There are broadly 2 approaches for obtaining feasible solutions to your problem, namely (1) Local search, and (ii) exact approaches (i.e. using solvers).
If you prefer to solve using exact approaches i.e. model the problem using a solver, then your best bet may be to model the problem using a Constraint Programming solver. At least from what I gather (so take it with a pinch of salt), CP tends to be more preferable over MIP approaches for scheduling problems, especially for problems that are more complicated than a single machine scheduling problem.
For local search methods, it would be helpful if you precisely define which approaches you have tried. I have to admit I have no personal experience working with the time-varying capacity of resources and have not all that frequently encountered problems (in papers) of the type you mention. Below I suggest a reasonably straightforward approach to try for your problem:
Model the problem using a disjunctive graph (just as it is done in Job Shop Problems (JSPs)), or alternative graph (if you have blocking constraints).

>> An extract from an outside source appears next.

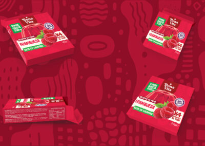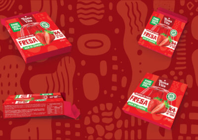 Se aplicó una paleta cromática intensa, alineada con los sabores de cada producto, y se incorporaron ilustraciones simples que refuerzan la identidad de cada gelatina. La jerarquía tipográfica y la disposición visual permiten una lectura intuitiva y ordenada.
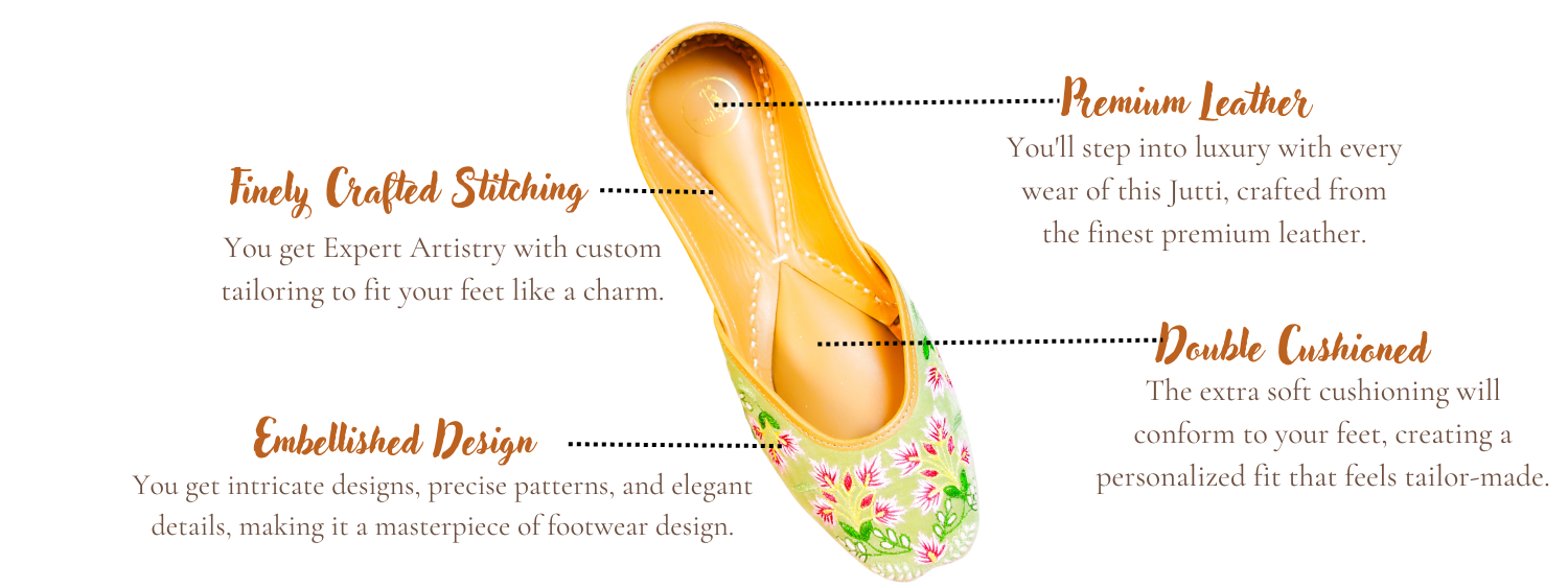 Customize you dream jutti in any design, color and size. Be it casual or bridal jutti we create every pair with premium leather and unparalleled comfort.

Assuming you have a feasible solution to your problem and that it is represented graphically on the disjunctive graph, now formulate some simple swap moves using the critical path of the current solution. Resources that may be helpful to you here are swap neighborhoods for JSPs, and problems that have buffers with capacities. Another interesting neighborhood to look at is the Job Insertion neighborhood.
Generate new neighbors in your neighborhood with those swap moves. For each neighbor, compute a schedule using the longest path algorithm with the help of a graphical representation of the solution. Suppose the new solution violates any resource capacity, then check whether inserting wait times can make your problem feasible to the resource constraints. This is perhaps doable as a simple LP. Suppose inserting wait times does not help, then a common strategy in local search is to accept the solution, but the way you measure the quality of the infeasible solution is to make it the sum of it's completion time plus some penalty terms to indicate the degree of resource violation of the solution. You can implement this simple strategy using a meta-heuristic such as late acceptance, but alternatives exist.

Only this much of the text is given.